NASA is already planning for the day when parts of the Kennedy Space Center, on Florida’s Cape Canaveral, will be underwater.
According to the Intergovernmental Panel on Climate Change, sea levels could rise by more than three feet by the end of this century. The United States Army Corps of Engineers projects that they could rise by as much as five feet; the National Oceanic and Atmospheric Administration predicts up to six and a half feet. All these projections are probably low.
Many geologists, are looking at the possibility of a ten-to-thirty-foot range by the end of the century.
The amount of water on the planet is fixed (and has been for billions of years).
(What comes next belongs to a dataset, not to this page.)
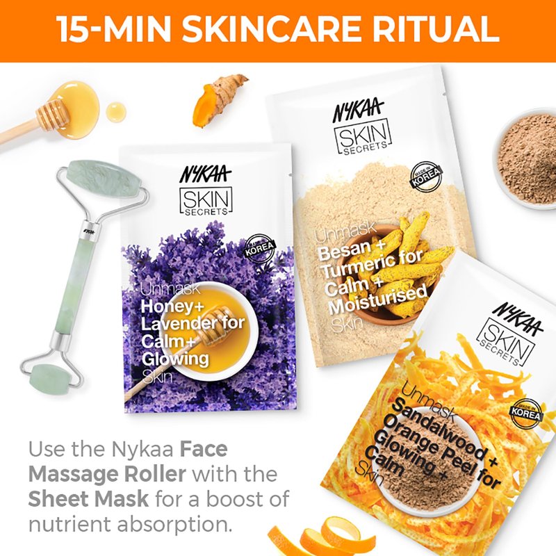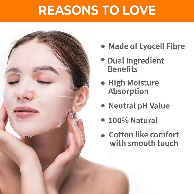 - Brightening and Soothing Effect: The facial sheet mask restores the skin's brightness and soothes irritation. The unique blend of Sandalwood and Orange in our formula helps in achieving an ethereal glow.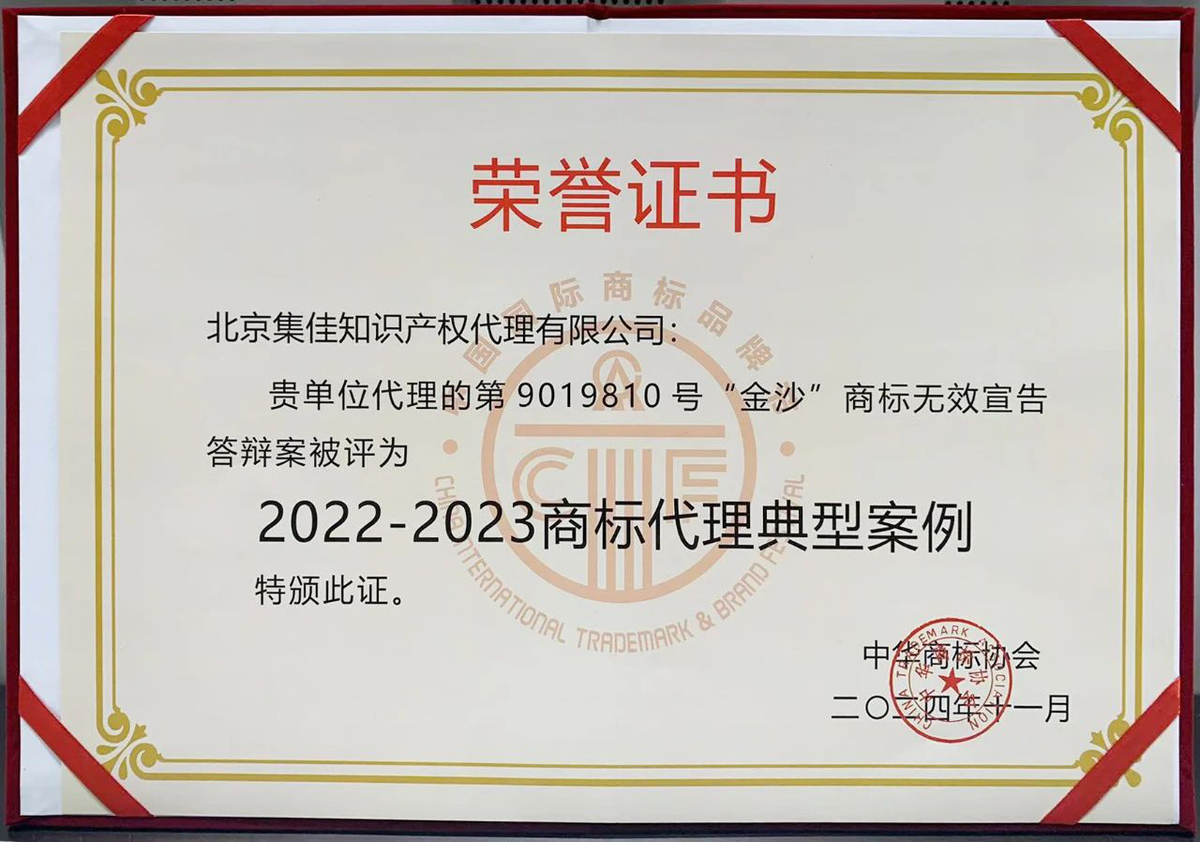 >5E对战平台>关于我们>荣誉概览>2024>集佳代理的“金沙”商标权无效宣告答辩案入选“2022-2023商标代理典型案例”

Its distribution, however, is subject to all sorts of rearrangements. In the coldest part of the last ice age, about twenty thousand years ago, so much water was tied up in ice sheets that sea levels were almost four hundred feet lower than they are today. At that point, Miami Beach, instead of being an island, was fifteen miles from the Atlantic Coast. Sarasota was a hundred miles inland from the Gulf of Mexico, and the outline of the Sunshine State looked less like a skinny finger than like a plump heel.
As the ice age ended and the planet warmed, the world’s coastlines assumed their present configuration. There’s a good deal of evidence—much of it now submerged—that this process did not take place slowly and steadily but, rather, in fits and starts.
As temperatures climb again, so, too, will sea levels. One reason for this is that water, as it heats up, expands. The process of thermal expansion follows well-known physical laws, and its impact is relatively easy to calculate. It is more difficult to predict how the earth’s remaining ice sheets will behave, and this difficulty accounts for the wide range in projections.